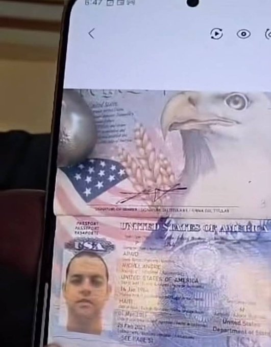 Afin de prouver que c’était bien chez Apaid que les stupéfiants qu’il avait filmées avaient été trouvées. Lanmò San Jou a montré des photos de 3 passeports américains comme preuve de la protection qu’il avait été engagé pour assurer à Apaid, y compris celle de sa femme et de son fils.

───

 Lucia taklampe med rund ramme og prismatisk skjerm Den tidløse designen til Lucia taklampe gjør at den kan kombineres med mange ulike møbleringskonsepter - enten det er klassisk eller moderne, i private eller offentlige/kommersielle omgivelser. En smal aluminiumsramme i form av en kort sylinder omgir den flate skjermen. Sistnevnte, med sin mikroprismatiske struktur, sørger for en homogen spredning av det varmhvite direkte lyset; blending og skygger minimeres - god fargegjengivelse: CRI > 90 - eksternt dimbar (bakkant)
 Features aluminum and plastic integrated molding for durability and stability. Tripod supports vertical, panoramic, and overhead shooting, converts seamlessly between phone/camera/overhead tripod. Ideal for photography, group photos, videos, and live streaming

───

*To do*.
Everything from the line with "Lucia taklampe med" through the line with "Features aluminum and" in the listing above must be retyped exactly, with nothing added.

*Answer box*.
 Lucia taklampe med rund ramme og prismatisk skjerm Den tidløse designen til Lucia taklampe gjør at den kan kombineres med mange ulike møbleringskonsepter - enten det er klassisk eller moderne, i private eller offentlige/kommersielle omgivelser. En smal aluminiumsramme i form av en kort sylinder omgir den flate skjermen. Sistnevnte, med sin mikroprismatiske struktur, sørger for en homogen spredning av det varmhvite direkte lyset; blending og skygger minimeres - god fargegjengivelse: CRI > 90 - eksternt dimbar (bakkant)
 Features aluminum and plastic integrated molding for durability and stability. Tripod supports vertical, panoramic, and overhead shooting, converts seamlessly between phone/camera/overhead tripod. Ideal for photography, group photos, videos, and live streaming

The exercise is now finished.